HATI CERAH DI BULAN BERKAH
Ramadhan di ambang pintu. Banyak ragam sikap dan cara manusia saat
menyambut kedatangannya. Ada yang biasa-biasa saja, ada yang sedih
dengan kedatangannya, dan banyak orang bergembira menyambutnya.
Bagi seorang muslim yang memahami musim kebaikan, Ramadhan adalah
momen yang selalu istimewa di setiap tahunnya. Hadirnya, selalu membawa
semangat baru dan komitmen untuk memperbaiki ibadah dan ketaatan.
Kuatkan Tekad Menyambut Bulan Berkah
Seberapa optimal seseorang dalam memanfaatkan momen Ramadhan, bukan
semata bergantung pada kekuatan fisik atau banyaknya konsumsi nutrisi
dan gizi. Justru penopang utamanya lebih dominan pada kekuatan hati.
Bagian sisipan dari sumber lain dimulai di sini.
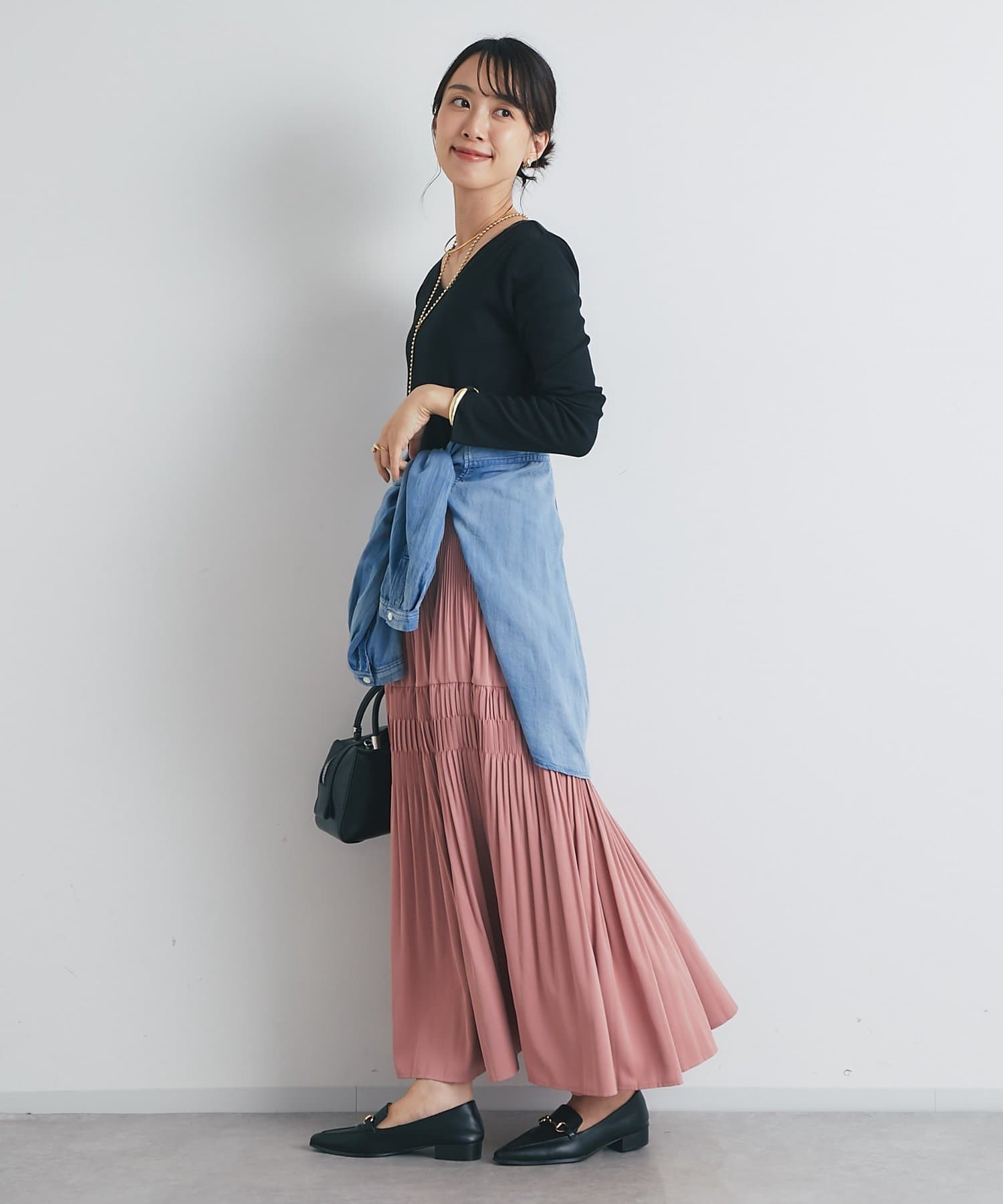 カジュアルなデニムスタイルから、きれいめなスカートスタイルまで、幅広いコーディネートにマッチします。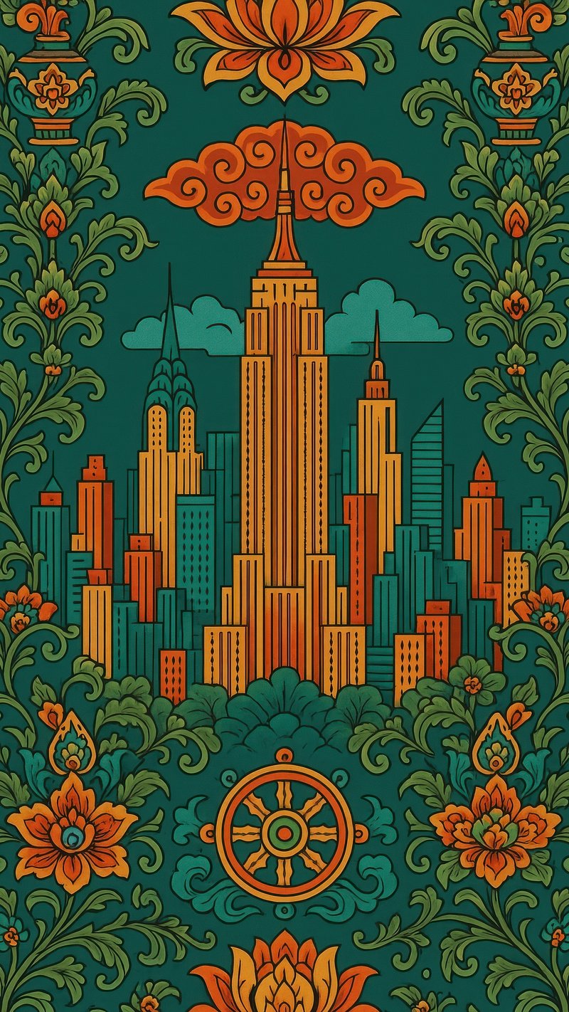 Intricate cityscape with floral patterns mobile wallpaper https://www.rawpixel.com/image/21329079/intricate-cityscape-with-floral-patterns-mobile-wallpaperView license

Banyak orang bertubuh kekar, stamina prima dan masih muda, namun tak
sedikit yang merasakan berat dan payah menjalani shaum. Merasa kewalahan
juga untuk berdiri shalat malam secara rutin, tidak pula sanggup
bersabar untuk mengkhatamkan al-Qur’an. Karena problemnya adalah
lemahnya kemauan dan kekuatan hati.
Kesungguhan ibadah terwujud ketika diawali dengan adanya tekad atau
‘aziimah. Yakni istijma’u quwwatil iraadah ’alal fi’li,
menghimpun kekuatan kehendak untuk berbuat. Sehingga orang yang memiliki
tekad tidak ingin membiarkan dirinya berleha-leha atau tertinggal dari
suatu keutamaan.
Bahkan ia akan menyusun segenap kemampuan agar mampu
menunaikan suatu bentuk perbuatan. Karena ia tahu, keuntungan apa yang
akan diperoleh dan seberapa besar kerugian yang akan dialami jika ia
melewatkan suatu momen dan peluang istimewa. Alangkah indah isi surat
yang ditulis oleh Imam Hasan al-Bashri untuk Umar bin Abdul Aziz
rahimahumallah agar memanfaatkan peluang jabatan untuk kebaikan, “Amma
ba’du, barangsiapa yang mengevaluasi diri ia akan beruntung, barangsiapa
lalai darinya akan merugi, barangsiapa yang mempertimbangkan akibat
perbuatan niscaya akan selamat…”
Tekad yang kuat semestinya juga menjadi bekal seorang muslim yang
menyadari Ramadhan sebagai musim kebaikan dan ketaatan. Tak hanya
mengumbar kerinduan dengan kata-kata atau angan-angan, dia akan
mempersiapakan diri, menyiapkan tekad yang tinggi dan membekali diri
dengan rencana kegiatan sebelum memasuki bulan Ramadhan, agar
benar-benar terisi secara optimal. Ada target bisa full sebulan
menjalankan shiyam, menjalankan shalat tarawih secara rutin dan
berkualitas, sekian kali khatam al-Qur’an dan mengisi saat shaum dengan
berbagai amal ketaatan.
Hati Cerah, Ibadah Ringan dan Mudah
Mengandalkan tekad saja tidaklah cukup. Ada kalanya seseorang telah
bertekad mengisi ramadhan dengan aneka ketaatan, namun tatkala telah
terjun di kancah amal, yang terjadi tak sehebat yang direncanakan. Bahwa
dia bersemangat menggebu di awal memang, begitulah umumnya. Tapi
semangat itu kadang luntur sebelum perjalanan belum mencapai separuhnya,
apalagi finishnya. Kejenuhan mulai mendera, rasa bosan mulai
menggerogoti semangatnya. Apa yang dikerjakan kemudian, berbeda dengan
apa yang menjadi rencana dan tekadnya di awal sebelum memasukinya.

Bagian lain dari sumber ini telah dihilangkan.